The 'device_busy' count remains at '1' and no further commands will be
sent to the device.

Debugging continues.

Cheers,

Hannes
-- 
Dr. Hannes Reinecke		   Teamlead Storage & Networking
hare@suse.de			               +49 911 74053 688
SUSE LINUX GmbH, Maxfeldstr. 5, 90409 Nürnberg
GF: F. Imendörffer, J. Smithard, J. Guild, D. Upmanyu, G. Norton
HRB 21284 (AG Nürnberg)

^ permalink raw reply	[flat|nested] 4+ messages in thread

* Re: requeue failure with blk-mq-sched
  2017-01-19 12:27 requeue failure with blk-mq-sched Hannes Reinecke
@ 2017-01-19 14:09 ` Jens Axboe
  2017-01-19 14:24   ` Hannes Reinecke
  0 siblings, 1 reply; 4+ messages in thread
From: Jens Axboe @ 2017-01-19 14:09 UTC (permalink / raw)
  To: Hannes Reinecke
  Cc: linux-block, linux-scsi@vger.kernel.org, Christoph Hellwig

On 01/19/2017 04:27 AM, Hannes Reinecke wrote:
> Hi Jens,
> 
> upon further testing with your blk-mq-sched branch I hit a queue stall
> during requeing:
> 
> [  202.340959] sd 3:0:4:1: tag#473 Send: scmd 0xffff880422e7a440
> [  202.340962] sd 3:0:4:1: tag#473 CDB: Test Unit Ready 00 00 00 00 00 00
> [  202.341161] sd 3:0:4:1: tag#473 Done: ADD_TO_MLQUEUE Result:
> hostbyte=DID_OK driverbyte=DRIVER_OK
> [  202.341164] sd 3:0:4:1: tag#473 CDB: Test Unit Ready 00 00 00 00 00 00
> [  202.341167] sd 3:0:4:1: tag#473 Sense Key : Unit Attention [current]
> [  202.341171] sd 3:0:4:1: tag#473 Add.
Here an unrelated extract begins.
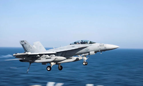Tiêm kích F/A-18F cất cánh từ tàu sân bay USS Abraham Lincoln trên Biển Arab hôm 22/5. Ảnh: Reuters.

Sense: Power on, reset, or bus
> device reset occurred
> [  202.341173] sd 3:0:4:1: tag#473 scsi host busy 1 failed 0
> [  202.341176] sd 3:0:4:1: tag#473 Inserting command ffff880422e7a440
> into mlqueue
> 
> ... and that is the last ever heard of that device.
> The 'device_busy' count remains at '1' and no further commands will be
> sent to the device.

If device_busy is at 1, then it should have a command pending. Where did
you log this - it would be bandy if you attached whatever debug patch
you put in, so we can see where the printks are coming from. If we get a
BUSY with nothing pending, the driver should be ensuring that the queue
gets run again later through blk_mq_delay_queue(), for instance.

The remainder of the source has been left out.